(Collection entries)
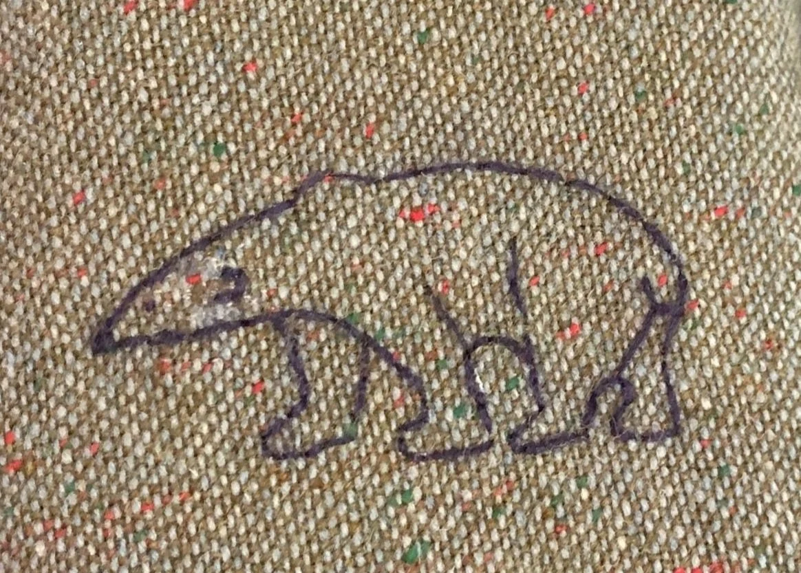 This jacket is part of a suit which belonged to my Granny who died in the early 1980s. I’m pretty certain it was purchased in Edinburgh: other than a couple of trips to visit us in England my Granny never left Scotland. Branded as “Woodcock Sport” and I think dating from the 1930s it’s now close to a century old.
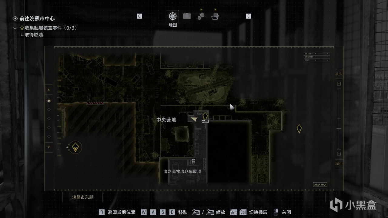 12、物流仓库屋顶,在屋顶拾取关键道具后,自动使用望远镜侦察区域,然后转身面向电梯,往高速公路上看,一辆报废汽车顶部。
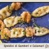 Spiedini di gamberi e calamari con leggera panatura, aglio olio extravergine d'oliva e prezzemolo, cotte alla griglia
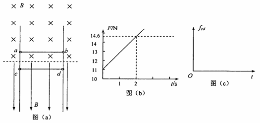 (3)判断cd棒将做怎样的运动,求出cd棒达到最大速度所需的时间t0,并在图(c)中定性画出cd棒所受摩擦力
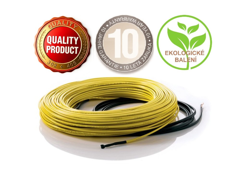 Dvoužilový topný kabel s výkonem 10W/m a plným ochranným opletením je určen pro vytápění a temperaci budov, a ochranu potrubí proti zamrzání.
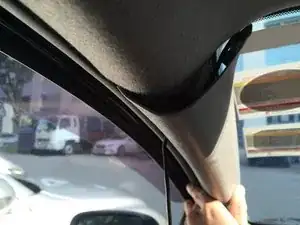 Спрячьте кабель под накладкой, оставив свободный конец ближе к пассажирскому сиденью, как показано на фото.
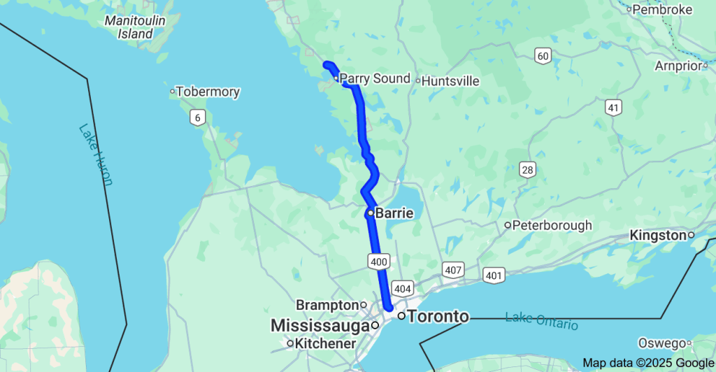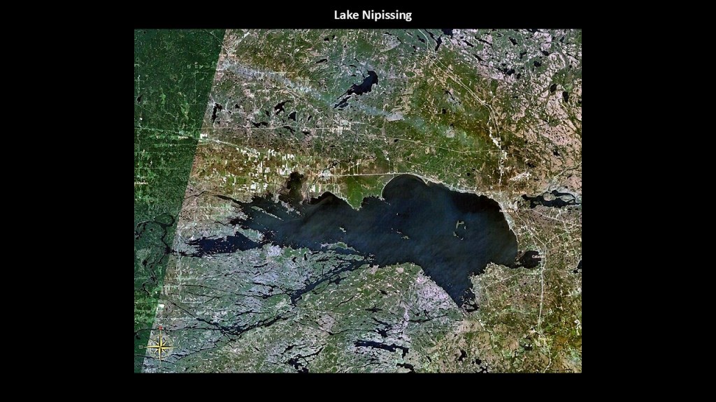 As we zoom out on the bigger picture of this part of what is considered northern Ontario, and north of where we were just looking, on the east-side of the Google Earth screenshot, we have Sudbury, Sturgeon Falls, and Lake Nipissing.

**BRIEF:** From the first line to the last, write out the data exactly, dropping any pictures.

**RESPONSE BOX:**
 This jacket is part of a suit which belonged to my Granny who died in the early 1980s. I’m pretty certain it was purchased in Edinburgh: other than a couple of trips to visit us in England my Granny never left Scotland. Branded as “Woodcock Sport” and I think dating from the 1930s it’s now close to a century old.
 12、物流仓库屋顶,在屋顶拾取关键道具后,自动使用望远镜侦察区域,然后转身面向电梯,往高速公路上看,一辆报废汽车顶部。
 Spiedini di gamberi e calamari con leggera panatura, aglio olio extravergine d'oliva e prezzemolo, cotte alla griglia
 (3)判断cd棒将做怎样的运动,求出cd棒达到最大速度所需的时间t0,并在图(c)中定性画出cd棒所受摩擦力
 Dvoužilový topný kabel s výkonem 10W/m a plným ochranným opletením je určen pro vytápění a temperaci budov, a ochranu potrubí proti zamrzání.
 Спрячьте кабель под накладкой, оставив свободный конец ближе к пассажирскому сиденью, как показано на фото.
 As we zoom out on the bigger picture of this part of what is considered northern Ontario, and north of where we were just looking, on the east-side of the Google Earth screenshot, we have Sudbury, Sturgeon Falls, and Lake Nipissing.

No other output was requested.